Look in the material below for the line with "zehn Jahren sah" and the line with "Oświetlenie na osiedlu", then set down exactly those two lines and all lines between, nothing more.

§ INPUT DATA
═══

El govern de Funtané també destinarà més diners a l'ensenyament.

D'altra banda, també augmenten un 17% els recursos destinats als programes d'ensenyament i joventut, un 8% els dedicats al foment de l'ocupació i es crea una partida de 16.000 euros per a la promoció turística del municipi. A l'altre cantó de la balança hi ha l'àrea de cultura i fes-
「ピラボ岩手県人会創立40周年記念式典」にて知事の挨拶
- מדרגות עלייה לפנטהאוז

═══

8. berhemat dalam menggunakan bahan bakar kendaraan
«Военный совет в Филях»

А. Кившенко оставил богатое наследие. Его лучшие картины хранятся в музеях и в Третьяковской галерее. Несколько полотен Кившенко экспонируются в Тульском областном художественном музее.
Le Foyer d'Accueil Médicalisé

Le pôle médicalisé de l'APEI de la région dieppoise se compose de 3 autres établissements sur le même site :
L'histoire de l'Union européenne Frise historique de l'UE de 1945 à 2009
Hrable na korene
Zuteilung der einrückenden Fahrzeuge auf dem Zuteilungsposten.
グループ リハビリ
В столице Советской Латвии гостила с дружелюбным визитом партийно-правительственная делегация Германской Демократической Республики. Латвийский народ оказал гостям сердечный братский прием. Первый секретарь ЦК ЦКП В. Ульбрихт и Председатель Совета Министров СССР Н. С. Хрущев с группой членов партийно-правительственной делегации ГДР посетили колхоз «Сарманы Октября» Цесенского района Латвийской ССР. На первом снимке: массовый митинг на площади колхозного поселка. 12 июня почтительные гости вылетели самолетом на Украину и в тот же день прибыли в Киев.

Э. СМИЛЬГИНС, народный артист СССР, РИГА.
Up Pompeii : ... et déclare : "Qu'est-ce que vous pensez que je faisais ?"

═══

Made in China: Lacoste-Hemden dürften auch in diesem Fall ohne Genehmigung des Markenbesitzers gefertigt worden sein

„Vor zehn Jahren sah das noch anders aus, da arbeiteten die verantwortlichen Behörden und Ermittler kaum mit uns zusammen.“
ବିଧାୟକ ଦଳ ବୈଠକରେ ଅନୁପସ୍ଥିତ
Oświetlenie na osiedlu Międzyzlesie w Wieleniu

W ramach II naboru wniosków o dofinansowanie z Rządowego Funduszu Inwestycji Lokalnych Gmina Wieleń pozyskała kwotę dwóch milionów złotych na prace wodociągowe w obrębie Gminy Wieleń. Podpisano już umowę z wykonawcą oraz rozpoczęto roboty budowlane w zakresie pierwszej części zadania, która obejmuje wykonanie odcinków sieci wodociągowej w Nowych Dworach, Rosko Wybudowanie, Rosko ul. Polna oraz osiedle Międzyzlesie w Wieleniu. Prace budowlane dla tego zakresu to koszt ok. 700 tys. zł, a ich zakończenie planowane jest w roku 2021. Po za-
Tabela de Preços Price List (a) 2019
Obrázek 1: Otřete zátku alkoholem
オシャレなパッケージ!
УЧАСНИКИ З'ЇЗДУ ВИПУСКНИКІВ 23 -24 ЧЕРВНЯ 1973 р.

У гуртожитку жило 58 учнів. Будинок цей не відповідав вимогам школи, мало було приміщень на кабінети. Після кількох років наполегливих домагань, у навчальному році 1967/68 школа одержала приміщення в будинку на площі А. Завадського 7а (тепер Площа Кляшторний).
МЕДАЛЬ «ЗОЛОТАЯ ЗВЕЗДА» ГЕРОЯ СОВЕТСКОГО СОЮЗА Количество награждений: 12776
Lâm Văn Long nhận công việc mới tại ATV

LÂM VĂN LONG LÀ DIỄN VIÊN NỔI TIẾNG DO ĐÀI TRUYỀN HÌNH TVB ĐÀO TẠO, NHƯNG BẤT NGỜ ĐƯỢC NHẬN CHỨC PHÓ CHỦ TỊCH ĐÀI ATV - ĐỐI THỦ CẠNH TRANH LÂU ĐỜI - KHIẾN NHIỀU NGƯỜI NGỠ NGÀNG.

═══

§ EXERCISE OUTPUT
„Vor zehn Jahren sah das noch anders aus, da arbeiteten die verantwortlichen Behörden und Ermittler kaum mit uns zusammen.“
ବିଧାୟକ ଦଳ ବୈଠକରେ ଅନୁପସ୍ଥିତ
Oświetlenie na osiedlu Międzyzlesie w Wieleniu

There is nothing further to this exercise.